- [WHAT YOU ARE ASKED TO DO] As you print the data below, keep every line exactly as it is and leave the images behind.

═══ DATA FOR THIS EXERCISE ═══

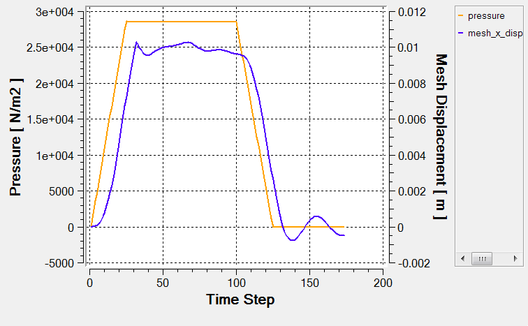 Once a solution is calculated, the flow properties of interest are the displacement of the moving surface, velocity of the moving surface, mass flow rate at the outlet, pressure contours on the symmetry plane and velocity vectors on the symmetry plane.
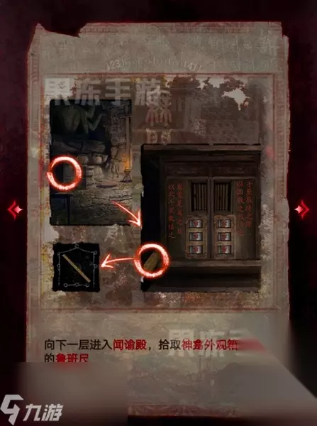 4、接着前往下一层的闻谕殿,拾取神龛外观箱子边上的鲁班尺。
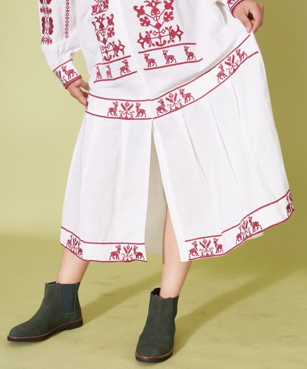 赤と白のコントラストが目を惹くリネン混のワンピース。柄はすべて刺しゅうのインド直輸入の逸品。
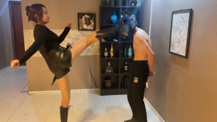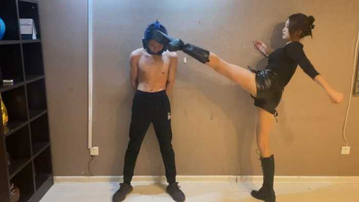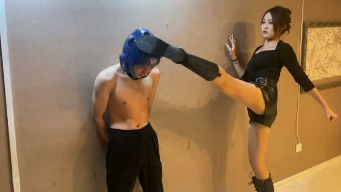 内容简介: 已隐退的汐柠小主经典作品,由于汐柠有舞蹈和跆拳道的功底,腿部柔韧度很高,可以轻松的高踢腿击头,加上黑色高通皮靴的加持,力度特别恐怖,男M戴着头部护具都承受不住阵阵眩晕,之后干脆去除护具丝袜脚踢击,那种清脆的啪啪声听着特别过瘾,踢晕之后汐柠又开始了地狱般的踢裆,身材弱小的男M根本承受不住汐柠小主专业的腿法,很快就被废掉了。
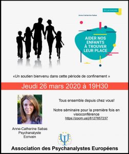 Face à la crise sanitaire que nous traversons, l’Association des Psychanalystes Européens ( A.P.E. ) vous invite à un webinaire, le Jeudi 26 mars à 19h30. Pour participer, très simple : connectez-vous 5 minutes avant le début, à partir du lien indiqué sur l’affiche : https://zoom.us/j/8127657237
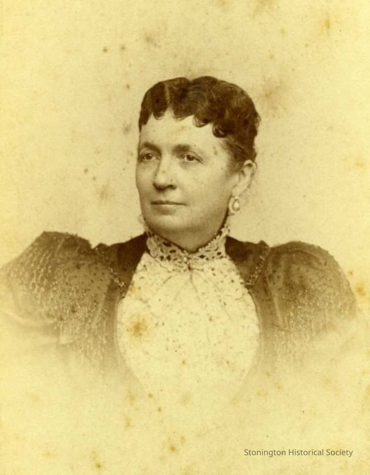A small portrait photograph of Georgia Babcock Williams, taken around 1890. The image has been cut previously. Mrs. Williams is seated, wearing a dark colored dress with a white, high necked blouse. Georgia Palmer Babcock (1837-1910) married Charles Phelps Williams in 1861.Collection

═══

- [TASK OUTPUT]
 Once a solution is calculated, the flow properties of interest are the displacement of the moving surface, velocity of the moving surface, mass flow rate at the outlet, pressure contours on the symmetry plane and velocity vectors on the symmetry plane.
 4、接着前往下一层的闻谕殿,拾取神龛外观箱子边上的鲁班尺。
 赤と白のコントラストが目を惹くリネン混のワンピース。柄はすべて刺しゅうのインド直輸入の逸品。
 内容简介: 已隐退的汐柠小主经典作品,由于汐柠有舞蹈和跆拳道的功底,腿部柔韧度很高,可以轻松的高踢腿击头,加上黑色高通皮靴的加持,力度特别恐怖,男M戴着头部护具都承受不住阵阵眩晕,之后干脆去除护具丝袜脚踢击,那种清脆的啪啪声听着特别过瘾,踢晕之后汐柠又开始了地狱般的踢裆,身材弱小的男M根本承受不住汐柠小主专业的腿法,很快就被废掉了。
 Face à la crise sanitaire que nous traversons, l’Association des Psychanalystes Européens ( A.P.E. ) vous invite à un webinaire, le Jeudi 26 mars à 19h30. Pour participer, très simple : connectez-vous 5 minutes avant le début, à partir du lien indiqué sur l’affiche : https://zoom.us/j/8127657237
A small portrait photograph of Georgia Babcock Williams, taken around 1890. The image has been cut previously. Mrs. Williams is seated, wearing a dark colored dress with a white, high necked blouse. Georgia Palmer Babcock (1837-1910) married Charles Phelps Williams in 1861.Collection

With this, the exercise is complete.